학술논문

Technical note: Respiratory impacts on static and respiratory gated 99mTc‐MAA SPECT/CT for liver radioembolization: A simulation study.
Document Type
Article
Source
Medical Physics. Aug2022, Vol. 49 Issue 8, p5330-5339. 10p.
Subject
*SINGLE-photon emission computed tomography
*RADIOEMBOLIZATION
*ACROMIOCLAVICULAR joint
*ANATOMICAL variation
*LIVER
*GEOMETRIC modeling
Language
ISSN
0094-2405
Abstract
Purpose: We aimed to evaluate respiratory impacts on static and respiratory gated (RG) 99mTc‐MAA SPECT in terms of respiratory motion (RM) blur, attenuation correction (AC), and volume‐of‐interest (VOI) segmentation on lung shunt faction (LSF) and tumor‐to‐normal liver ratio (TNR) estimation for liver radioembolization therapy planning. Methods: The XCAT phantom was used to simulate a population of 300 phantoms, modeling various anatomical variations, tumor characteristics, RM amplitudes, LSFs, and TNRs. One hundred and twenty noisy projections of average activity maps near end‐expiration (End‐EX) and whole respiratory cycle were simulated analytically, modeling attenuation and geometric collimator‐detector‐response (GCDR).

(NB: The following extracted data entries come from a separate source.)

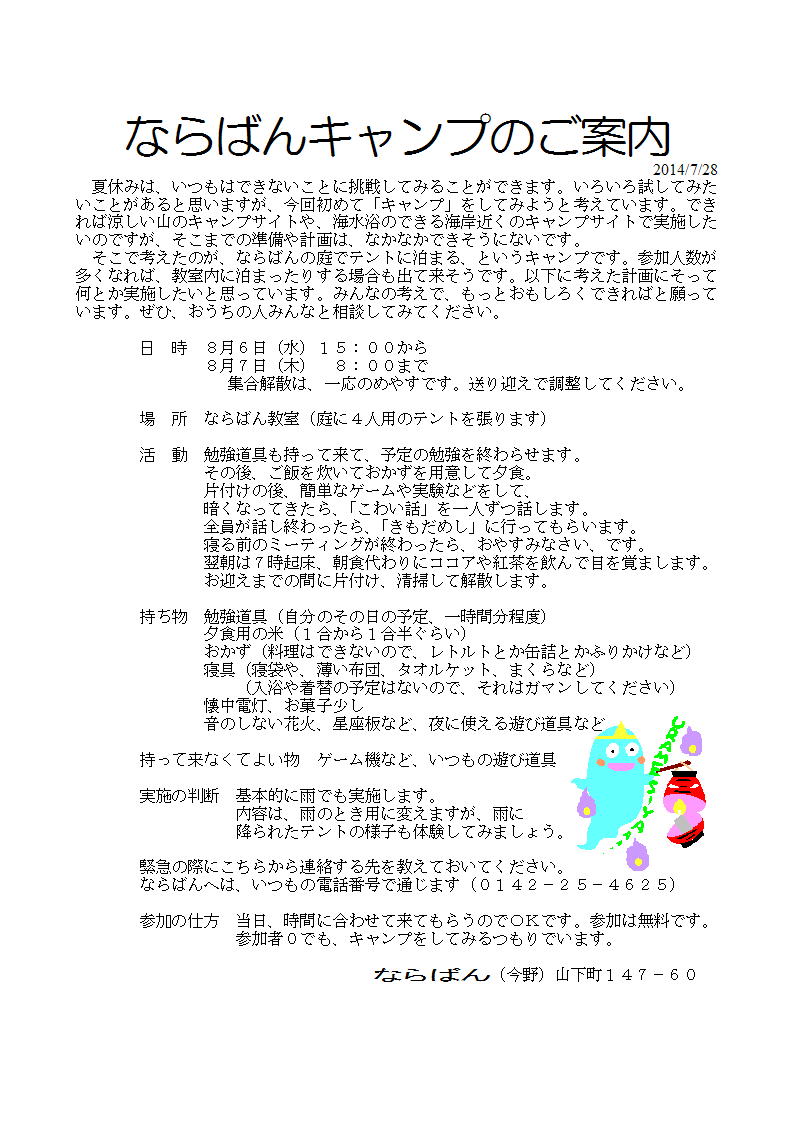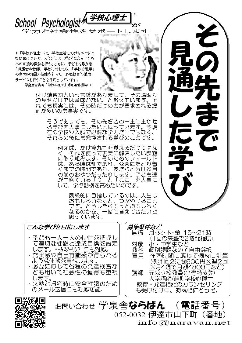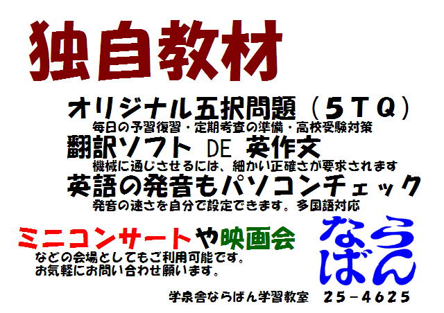 フェイスブックに最新情報を載せています。どうぞ、ご覧ください。→学泉舎ならばんFB
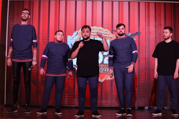 На сцене: отец, дочь и кум. Да, вот такой странный семейный состав. Сейчас ещё и мать с младшими детьми вышла. Отец (фронтмен) лет 20 играет в КВН, поэтому на эту поездку в Сочи собирал деньги со всех.
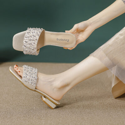 Xăng đan và dép đi trong nhà cho nữ đế dày đính hạt kim cương giày đi biển dành cho người béo chân rộng dép nữ size lớn 41-43 phong cách mùa hè
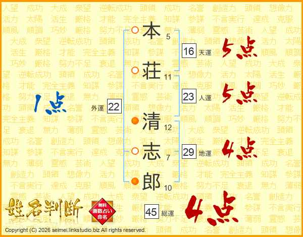 本(5画)荘(11画) 清(12画)志(7画)郎(10画)
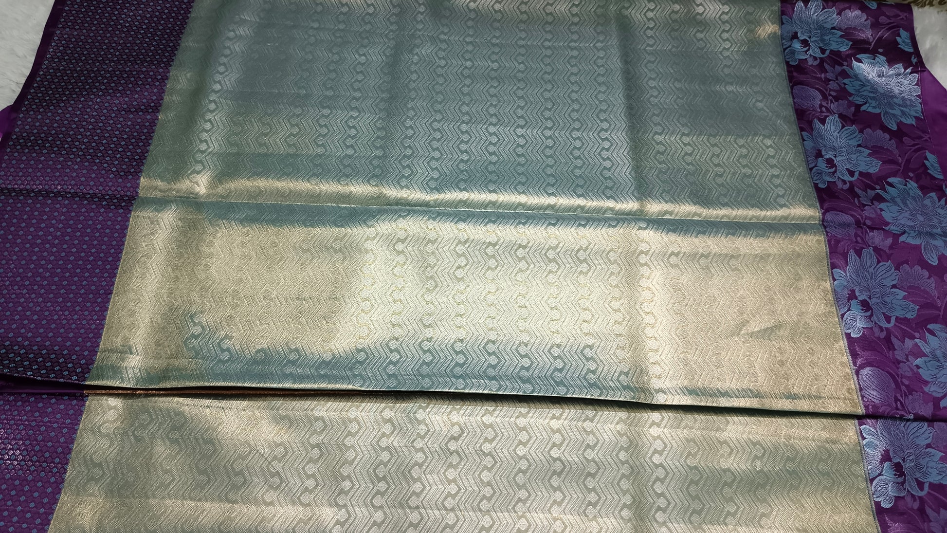 Ice blue with violet Neelambari vegan tissue bridal kanchi silk saree LA25942

The OS‐EM algorithm was employed for reconstruction, modeling AC, and GCDR. RM effect was evaluated for static SPECT, while AC and VOI mismatch effects were investigated independently and together for static and RG SPECT utilizing one gate, that is, End‐EX. LSF and TNR errors were measured based on the ground truth. Lesions with different characteristics were also investigated for static and RG SPECT. Results: RM overestimates LSF and underestimates TNR. The VOI mismatch caused the largest errors in both RG and static SPECT for LSF and TNR estimation, reaching 160% and −52% correspondingly with extremely mismatched VOIs for RG SPECT, even larger than those for static SPECT. With matched AC and VOIs, RG SPECT has better performance than static SPECT. Larger TNR errors are associated with tumors of smaller sizes and higher TNR for static SPECT. Conclusions: The VOI segmentation mismatch has a stronger impact, followed by RM and AC in static 99mTc‐MAA SPECT/CT. This effect is more pronounced for RG SPECT. When VOI masks are derived from a matched CT, RG SPECT is generally superior to static SPECT for LSF and TNR estimation. The performance of RG SPECT could be worse than static SPECT when a mismatched CT is used for segmentation. [ABSTRACT FROM AUTHOR]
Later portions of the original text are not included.